═══ Material supplied

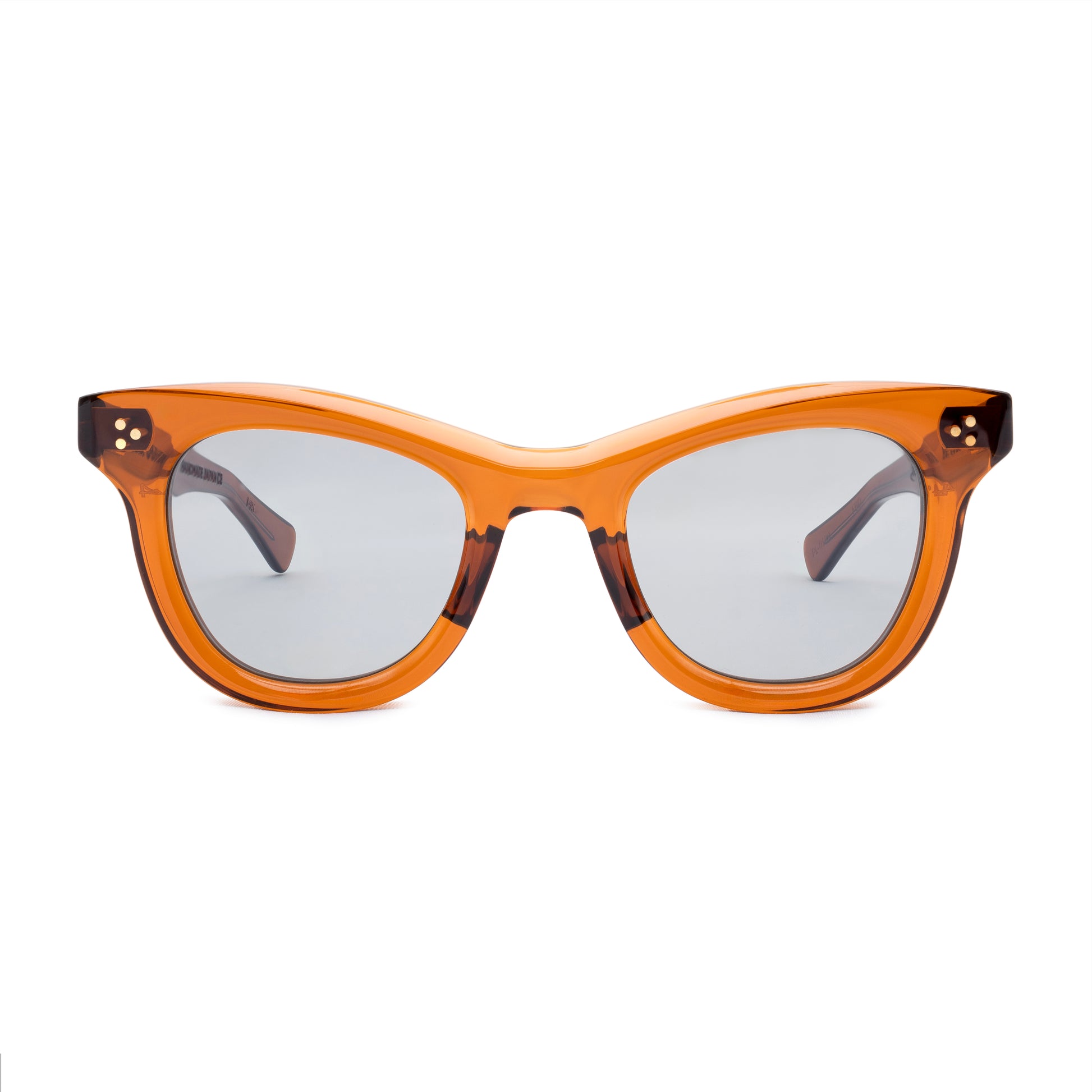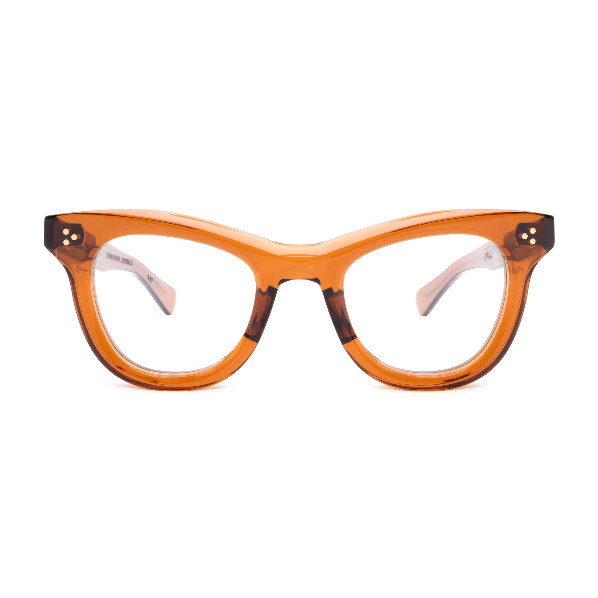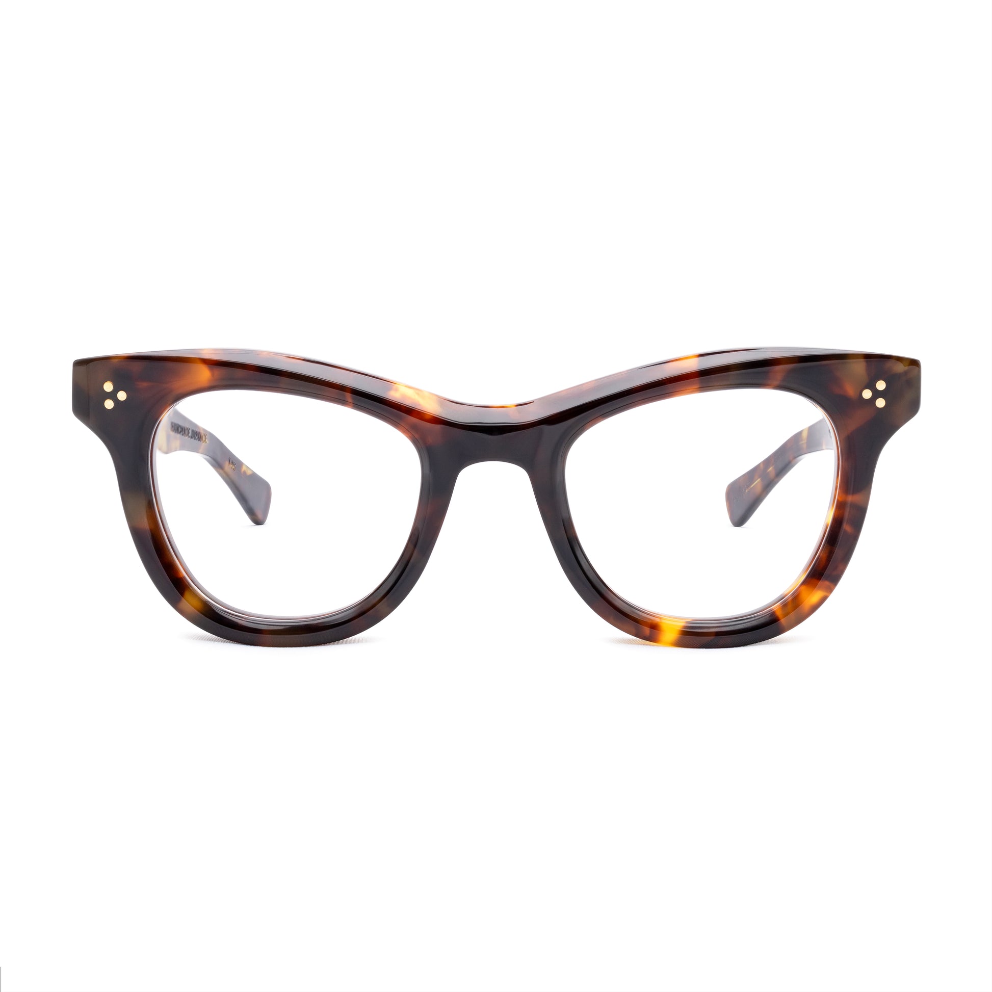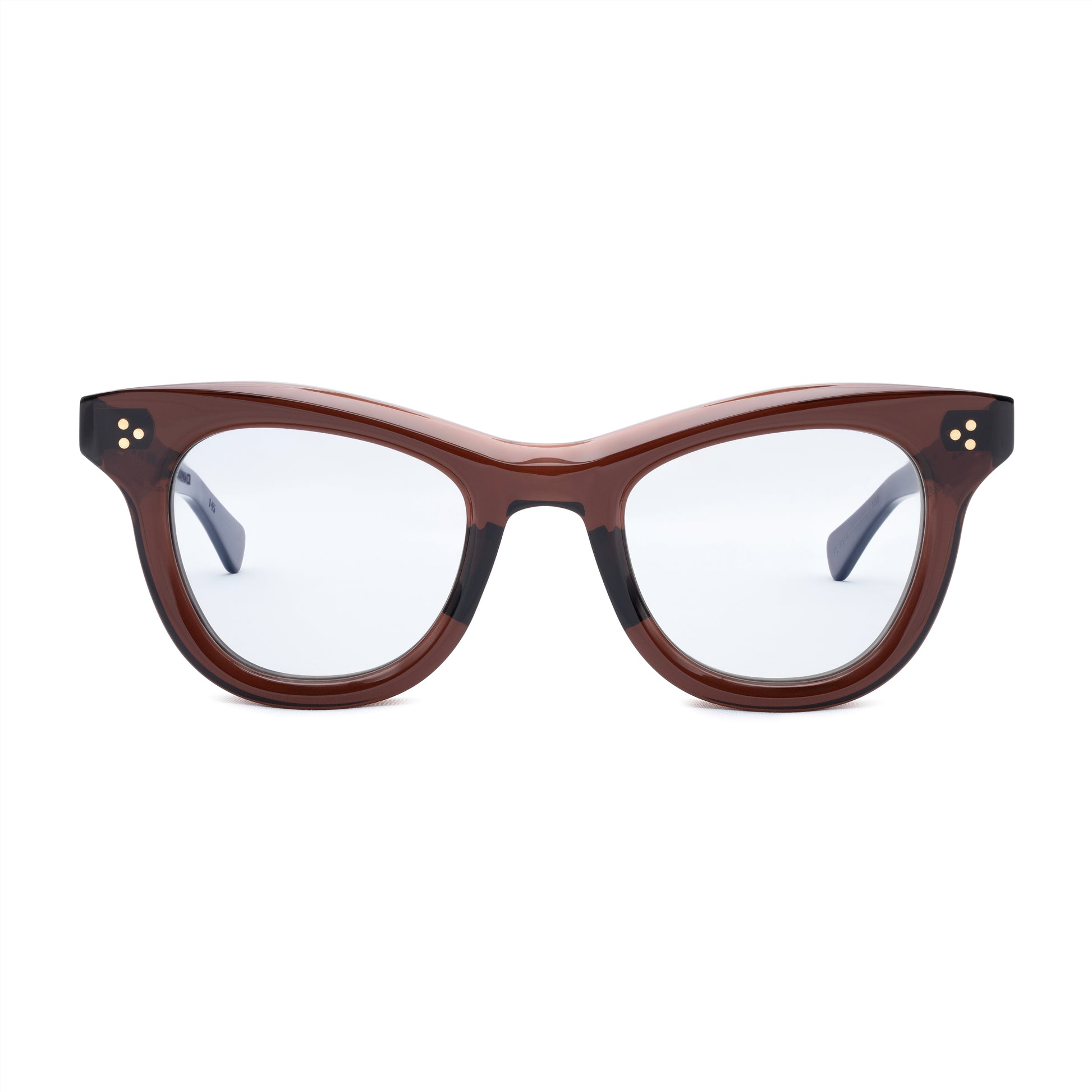 THE FRONT IS TRIPLE RIVETED WITH BRASS PINS, THE SIDE HORIZONTAL DOUBLE PINS. A HEAVY 5-BARREL BRASS HINGE IS THE CONNECTIVE ACTION OF THE FRAME. THE TEMPLE SHAPE MOVES BACK STRAIGHT AND ARTICULATES DOWN JUST BEFORE THE EAR AREA THEN ENDS IN A SQUARED ROUND TIP. SIZE 49□24-145
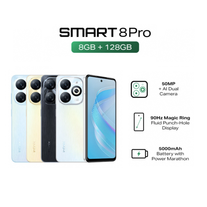 INFINIX SMART 8 PRO 8GB+128GB | Mediatek Helio G36 | FULLSET | ORIGINAL | GARANSI 1 TAHUN
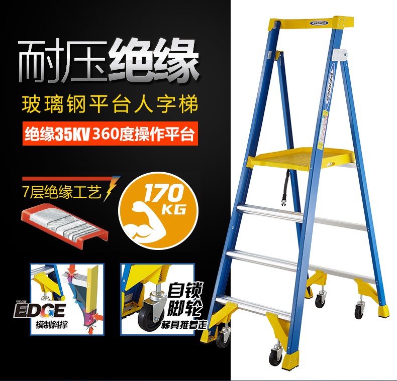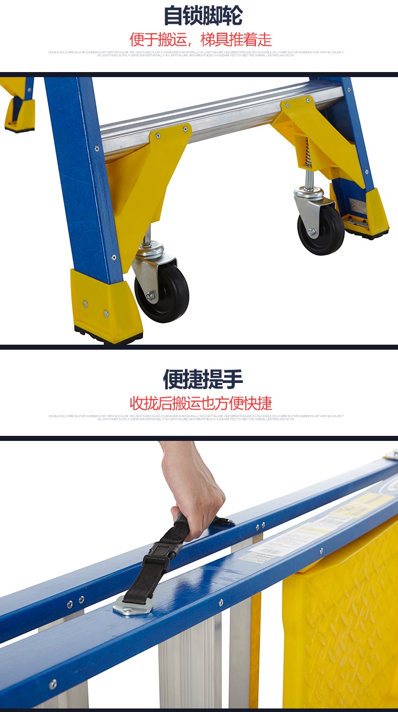 稳耐P170-10CNFG绝缘人字梯电工梯4.1米平台梯玻璃钢登高梯十步
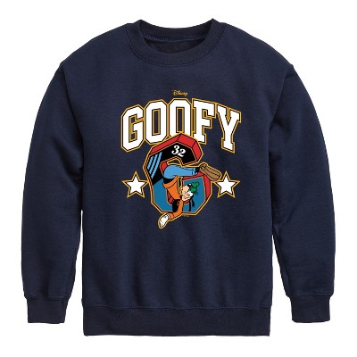 Men's Disney Goofy Stickers Graphic Fleece Sweatshirt - Navy - Medium
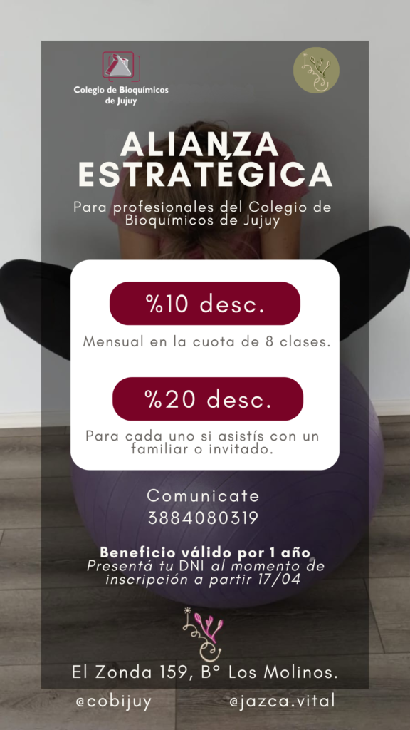 El Colegio de Bioquímicos de Jujuy, a través de su presidente, el Dr. José Raúl Najar, ha formalizado un nuevo convenio marco con JAZCA Vital, un espacio dedicado a la práctica de disciplinas que promueven la salud integral. A partir de ahora, nuestros matriculados cuentan con beneficios exclusivos en clases de: Yoga Aéreo. Yoga Vinyasa […]
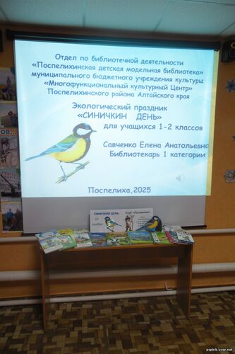 В Поспелихинской детской модельной библиотеке прошёл экологический праздник, посвящённый дню празднования Синичкиного дня. Ребята из клуба «Лесовичок» вспомнили птиц, живущих в нашем крае. Послушали стихотворения алтайских поэтов, в которых авторы призывают беречь птиц и подкармливать их зимой. Ребята с удовольствием отгадывали загадки про пернатых, играли в игры: «Воробьиная дискотека»
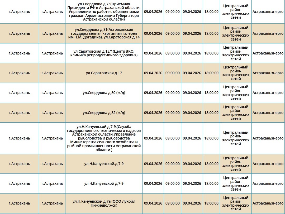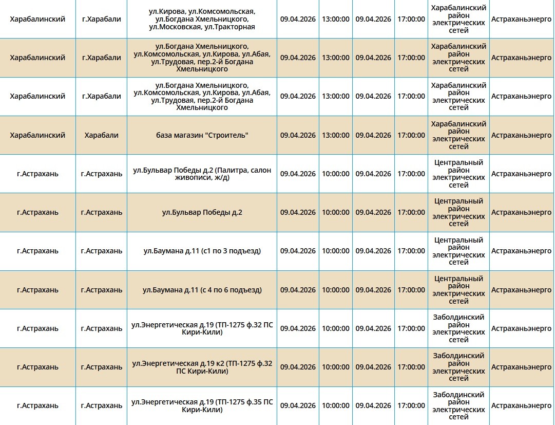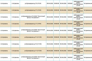 9 апреля в Астрахани и Харабалях временно отключат электроэнергию08 апреля 2026 года, 20:41
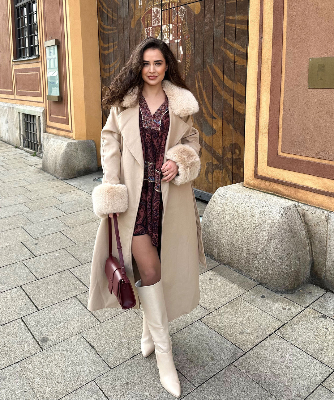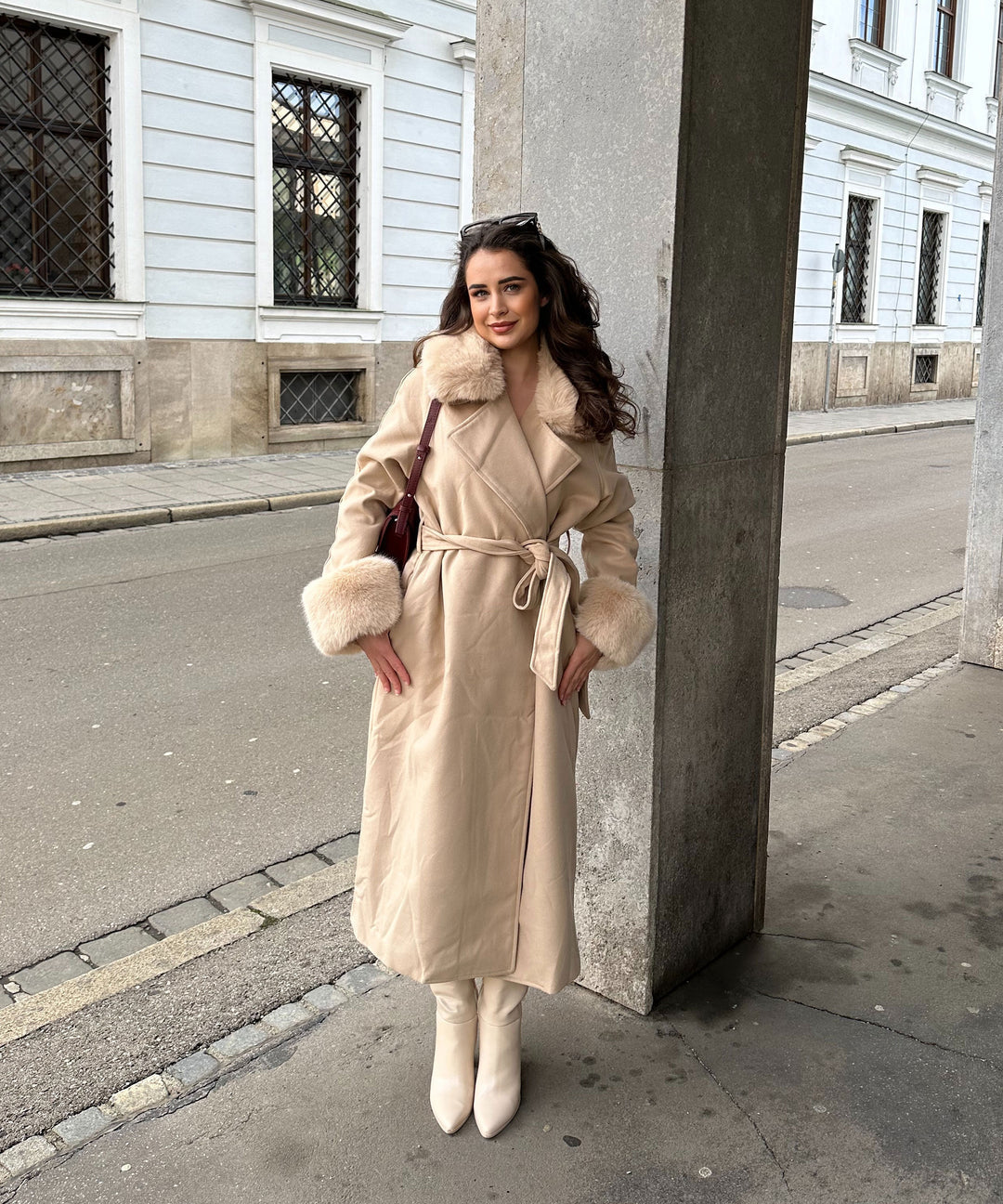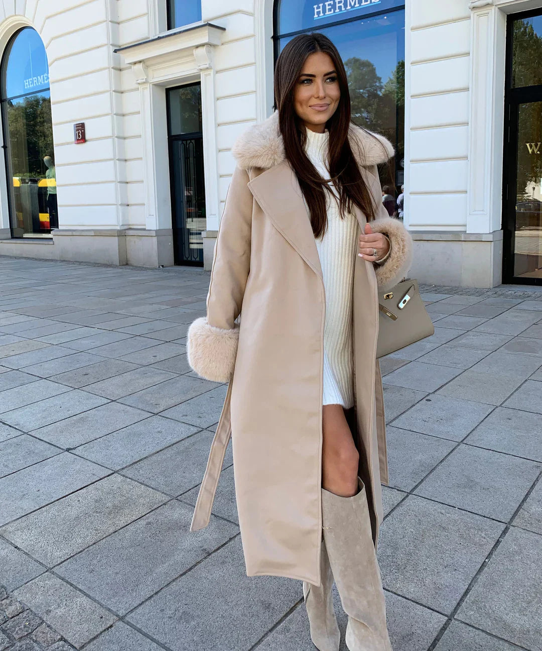 The Luna Faux Suede Coat Combines classic refinement with modern functionality, perfect for the stylish woman who appreciates a luxurious look. The combination of faux suede and soft faux fur creates a warm and elegant look, ideal for cooler days. Thanks to its minimalist design and practical details, this coat is the perfect addition to any outfit.
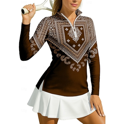 Per donna Geometrico Maglietta sportiva Polo da golf Maglia da tennis Maglietta da tennis Manica Lunga Cerniera Floreale UPF50 Resistente ai Raggi UV Alta elasticità Traspirante Tennis Golf
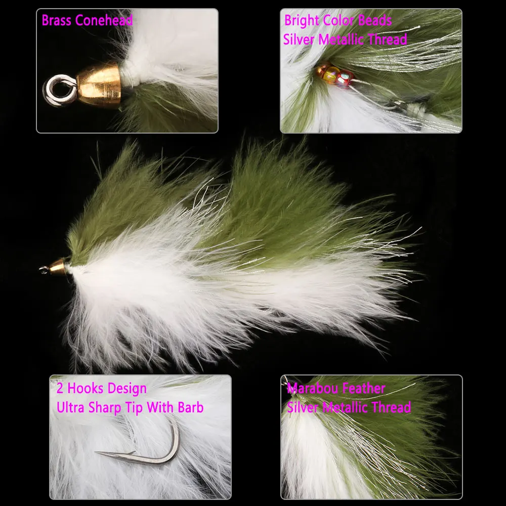 Bimoo, 1 pieza, cabeza de cono de latón, serpentina articulada para peces, espina, Mosca, gran juego, peces, pesca de agua salada, Lucio, lubina, trucha, Señuelos de Pesca
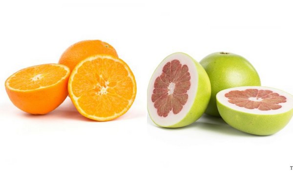 Izda.: naranjas Navel. Dcha.: pampelmusa
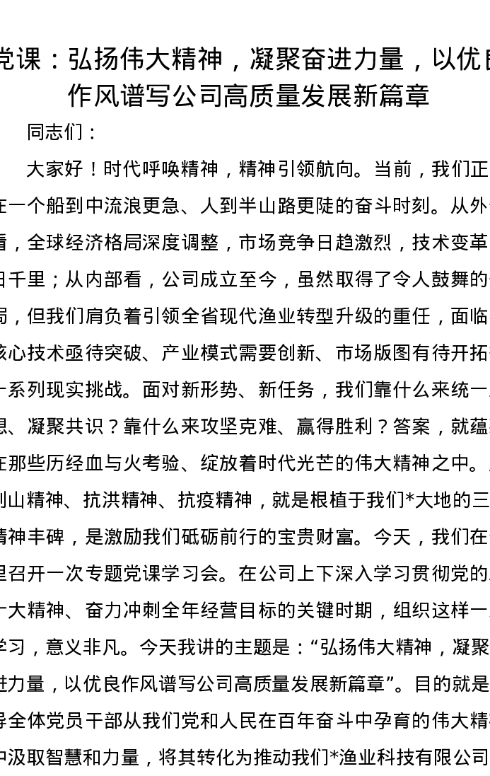 党课讲稿::弘扬伟大精神,凝聚奋进力量,以优良作风谱写公司高质量发展新篇章
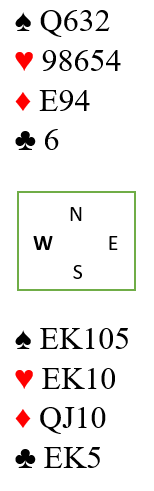Som sagt, ingen garantier, men det er meget sannsynlig at øst har fire spar, fem hjerter (det vet vi) - 3 ruter (som vi også vet) og en kløver, dvs. 4-5-3-1 fordeling, altså singelton kløver!

══════

[Your task] Your answer must be an exact copy of the records above, with every picture left out.

[Result]
 THE FRONT IS TRIPLE RIVETED WITH BRASS PINS, THE SIDE HORIZONTAL DOUBLE PINS. A HEAVY 5-BARREL BRASS HINGE IS THE CONNECTIVE ACTION OF THE FRAME. THE TEMPLE SHAPE MOVES BACK STRAIGHT AND ARTICULATES DOWN JUST BEFORE THE EAR AREA THEN ENDS IN A SQUARED ROUND TIP. SIZE 49□24-145
 INFINIX SMART 8 PRO 8GB+128GB | Mediatek Helio G36 | FULLSET | ORIGINAL | GARANSI 1 TAHUN
 稳耐P170-10CNFG绝缘人字梯电工梯4.1米平台梯玻璃钢登高梯十步
 Men's Disney Goofy Stickers Graphic Fleece Sweatshirt - Navy - Medium
 El Colegio de Bioquímicos de Jujuy, a través de su presidente, el Dr. José Raúl Najar, ha formalizado un nuevo convenio marco con JAZCA Vital, un espacio dedicado a la práctica de disciplinas que promueven la salud integral. A partir de ahora, nuestros matriculados cuentan con beneficios exclusivos en clases de: Yoga Aéreo. Yoga Vinyasa […]
 В Поспелихинской детской модельной библиотеке прошёл экологический праздник, посвящённый дню празднования Синичкиного дня. Ребята из клуба «Лесовичок» вспомнили птиц, живущих в нашем крае. Послушали стихотворения алтайских поэтов, в которых авторы призывают беречь птиц и подкармливать их зимой. Ребята с удовольствием отгадывали загадки про пернатых, играли в игры: «Воробьиная дискотека»
 9 апреля в Астрахани и Харабалях временно отключат электроэнергию08 апреля 2026 года, 20:41
 The Luna Faux Suede Coat Combines classic refinement with modern functionality, perfect for the stylish woman who appreciates a luxurious look. The combination of faux suede and soft faux fur creates a warm and elegant look, ideal for cooler days. Thanks to its minimalist design and practical details, this coat is the perfect addition to any outfit.
 Per donna Geometrico Maglietta sportiva Polo da golf Maglia da tennis Maglietta da tennis Manica Lunga Cerniera Floreale UPF50 Resistente ai Raggi UV Alta elasticità Traspirante Tennis Golf
 Bimoo, 1 pieza, cabeza de cono de latón, serpentina articulada para peces, espina, Mosca, gran juego, peces, pesca de agua salada, Lucio, lubina, trucha, Señuelos de Pesca
 Izda.: naranjas Navel. Dcha.: pampelmusa
 党课讲稿::弘扬伟大精神,凝聚奋进力量,以优良作风谱写公司高质量发展新篇章
Som sagt, ingen garantier, men det er meget sannsynlig at øst har fire spar, fem hjerter (det vet vi) - 3 ruter (som vi også vet) og en kløver, dvs. 4-5-3-1 fordeling, altså singelton kløver!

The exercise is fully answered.